In [None]:
import numpy as np
from Bio import Entrez

In [None]:
# In order to import from the python file without hassle, we add the current
# directory to the python path
import sys; sys.path.append(".")

Let's let the nice folks at NCBI know who we are.

In [None]:
Entrez.email = "<your email>@fri.uni-lj.si"

# Phylogenetic analysis of coronaviruses

In the first part of the homework, we will conduct a phylogenetic analysis of a handful of coronaviruses. We will look at the similarity between the DNA sequences of these viruses to determine how closely related they are to one another. This might give us some insight into how these viruses might have evolved through time, or from which species SARS-CoV-2 jumped to us, humans.

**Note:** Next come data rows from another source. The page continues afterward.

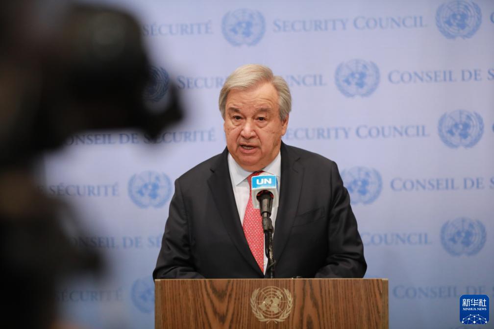 7月17日,在位于美國紐約的聯(lián)合國總部,聯(lián)合國秘書長古特雷斯發(fā)表講話。新華社記者 謝鍔 攝
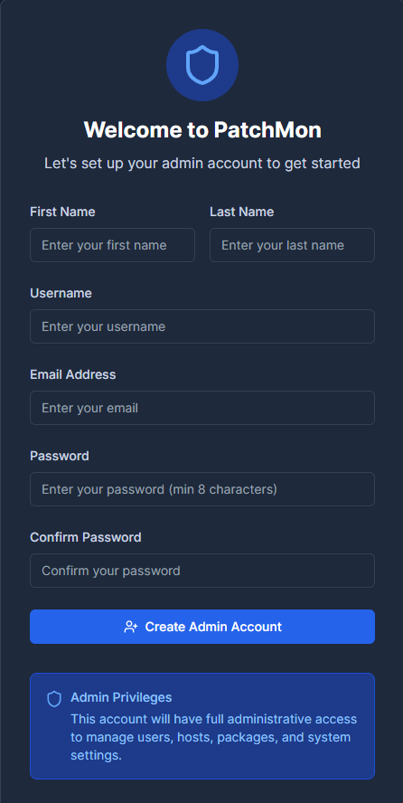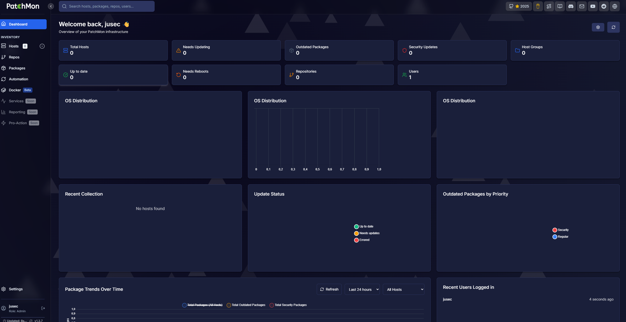 Nachdem wir unseren Benutzer erstellt haben, landen wir auch schon auf dem Dashboard von Patchmon. Hier sehen wir später alle benötigten Informationen.
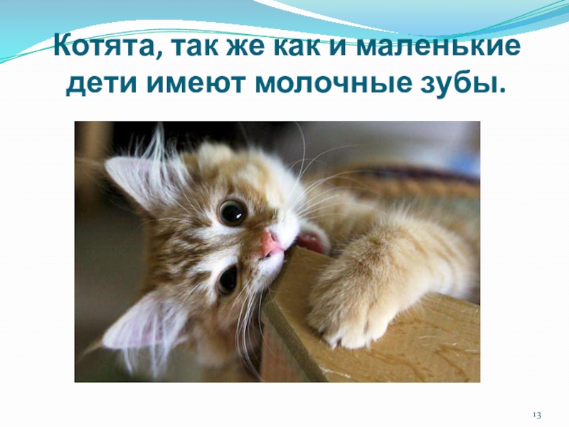 Слайд 13Котята, так же как и маленькие дети имеют молочные зубы.
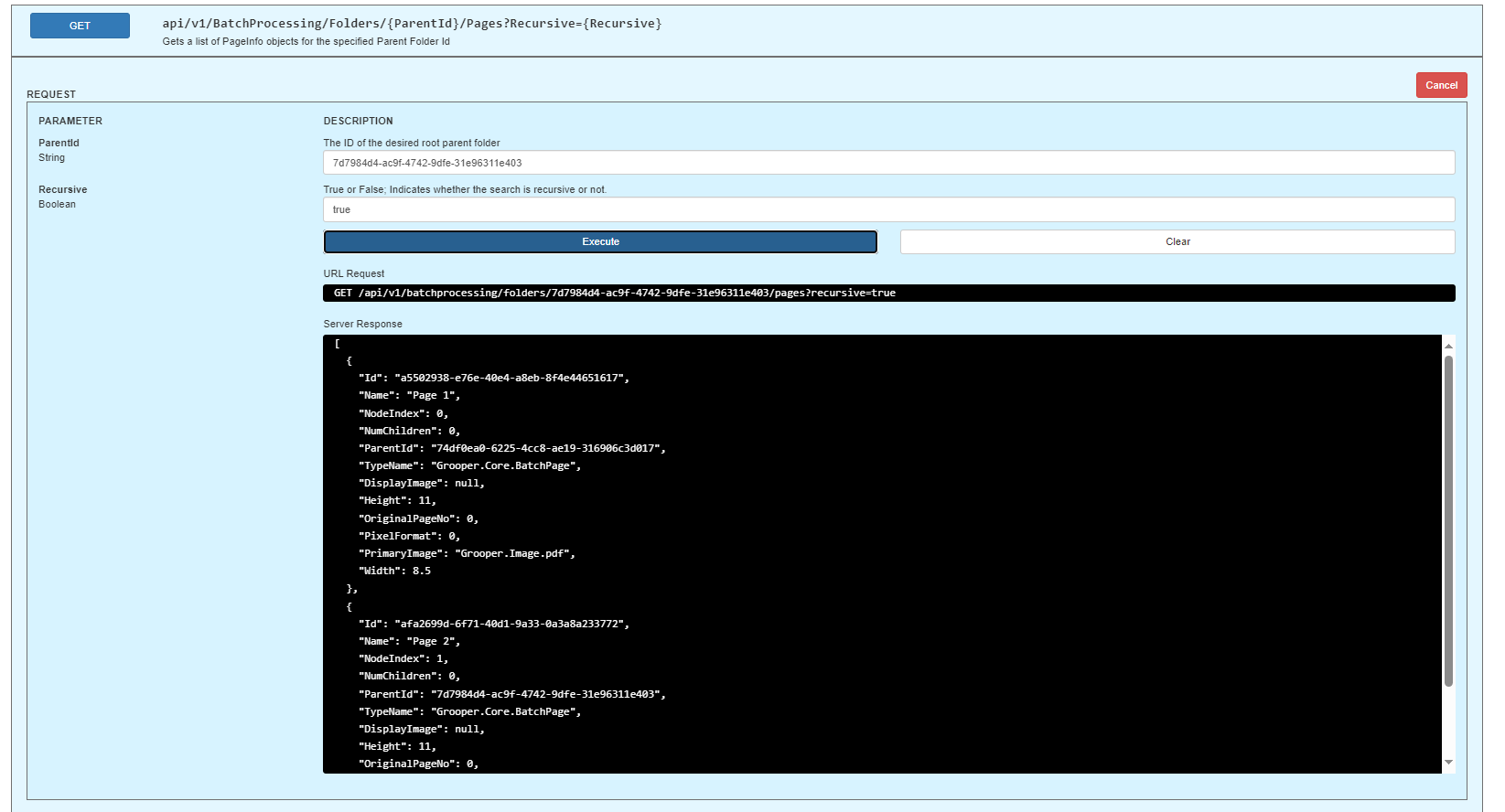 GET /api/v1/BatchProcessing/Folders/{ParentId}/Pages?Recursive={Recursive}

We will build a phylogenetic tree in two steps. First, we will calculate the distances between each pair of viral genomes. We can't just compare them directly, we have to align them first. So we will run global alignment to get an optimal alignment between each pair of viral genomes. Then, we will calculate the distance between these alignments using Hamming distance. Hamming distance is defined as the number of symbols in the two sequences that do not match. Having calculated all pairwise distances, we can build a dendrogram, which will serve as our phylogenetic tree.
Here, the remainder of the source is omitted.